Vehicle theft in India’s capital has evolved from crude break-ins to sophisticated digital deception. A growing car cloning racket in Delhi is blending traditional theft with advanced technology, creating a web of crime that now extends from the streets to the servers.
According to Delhi Police, the latest trend involves organized gangs stealing vehicles and then “cloning” them — by replicating registration numbers, forging smart RCs, and fabricating digital documents to make stolen cars appear legitimate. Officials say this hybrid model of physical theft and cyber fraud has emerged as one of the most complex challenges for law enforcement agencies in recent years.
The Modus Operandi: How Cloned Cars Go Legit
Investigators reveal that the process begins with data harvesting. Criminals identify vehicles of the same make, model, and color parked in public places or listed online. They then steal a similar car and reproduce every detail — from the number plate and chassis information to insurance and tax certificates — using forged or digitally tampered documents.

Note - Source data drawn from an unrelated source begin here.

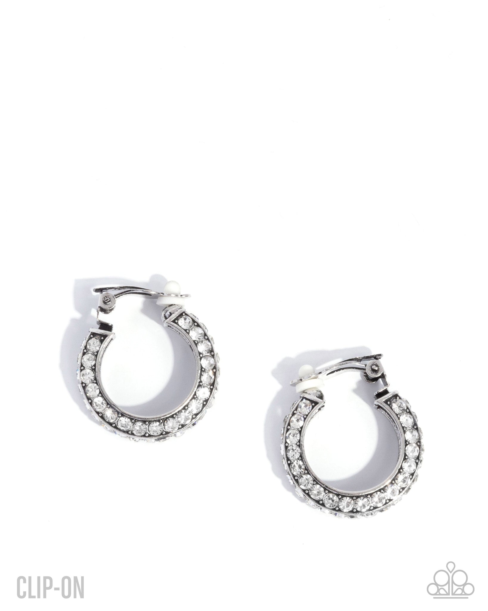 Dainty white rhinestones dance along the interior and exterior of a glistening silver hoop, creating a shimmery standout statement. Earring attaches to a standard clip-on fitting.
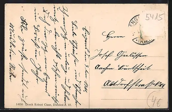 alte Ansichtskarte, gelaufen 1911, Briefmarke entfernt, rückseitig Oberflächenschaden, Stempelspur, guter Zustand
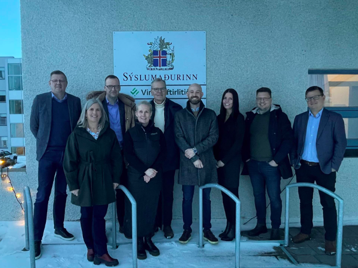 - Mynd: Fulltrúar innviðaráðuneytisins, Byggðastofnunar, Útlendingastofnunar og Sýslumannsins á Norðurlandi eystra fyrir utan skrifstofu Sýslumannsins á Húsavík.

A senior police official said,
“This isn’t just car theft anymore. It’s a convergence of mechanical skill and cybercrime. The gangs are as adept with data as they are with lock-picking tools.”
In some cases, even QR codes and RFID chips embedded in registration certificates are being cloned using digital scanners. These counterfeit chips are programmed to mimic genuine data, allowing stolen vehicles to pass routine traffic or toll inspections without detection.
“Thousands of small frauds add up to crores,” warns cyber expert Dr. Triveni Singh
Renowned cybercrime expert and former IPS officer Dr. Triveni Singh describes the racket as part of a growing data-driven fraud ecosystem, where technology amplifies the scale of traditional crimes.
“Car cloning is no longer a petty theft issue. It’s an organized digital fraud. Every stolen car comes with a parallel set of fake documents — RC, insurance, emission certificates, even falsified e-challan records. What looks like a few minor frauds at the individual level quickly snowballs into a multi-crore illegal trade,”
said Dr. Singh.
He emphasized that India’s vehicle data infrastructure remains vulnerable, with limited cross-verification between transport databases and law enforcement systems.
“If this data is compromised, criminals can hijack not just a car — but its entire digital identity,” he cautioned.
Police Crackdowns and Expanding Networks
In recent months, Delhi Police’s Crime Branch has busted several such rackets operating from South-West Delhi, Rohini, and Outer Ring Road zones, recovering dozens of cloned vehicles and stacks of forged RC cards. Investigators say many of these operations have links to syndicates in Haryana, Uttar Pradesh, and Rajasthan.
A police officer involved in the investigation explained,
“These networks are highly organized. Within 72 hours of theft, a car is repainted, given a cloned identity, and shipped across state borders. Some even reappear in ride-hailing services or second-hand car markets.”
Buyers Beware: Second-Hand Market Under the Scanner
Experts warn that many unsuspecting buyers become indirect victims when they purchase cloned vehicles from unverified dealers. Consumers are urged to verify every car’s engine and chassis number on the Vahan portal and cross-check QR codes on documents before completing any transaction.
A Crime of the Future
The rise of car cloning in Delhi reflects a broader transformation in criminal strategy — where technology enables old crimes to acquire new sophistication.
“It’s the perfect example of a smart city crime — fast, data-driven, and difficult to trace,” said a senior official from Delhi’s Cyber Crime Unit.
The car cloning racket underscores a worrying trend in India’s urban crime landscape — where the intersection of digital technology and physical theft has created a new breed of criminal enterprise. In this new era, stealing a car isn’t enough; the real profit lies in stealing its identity.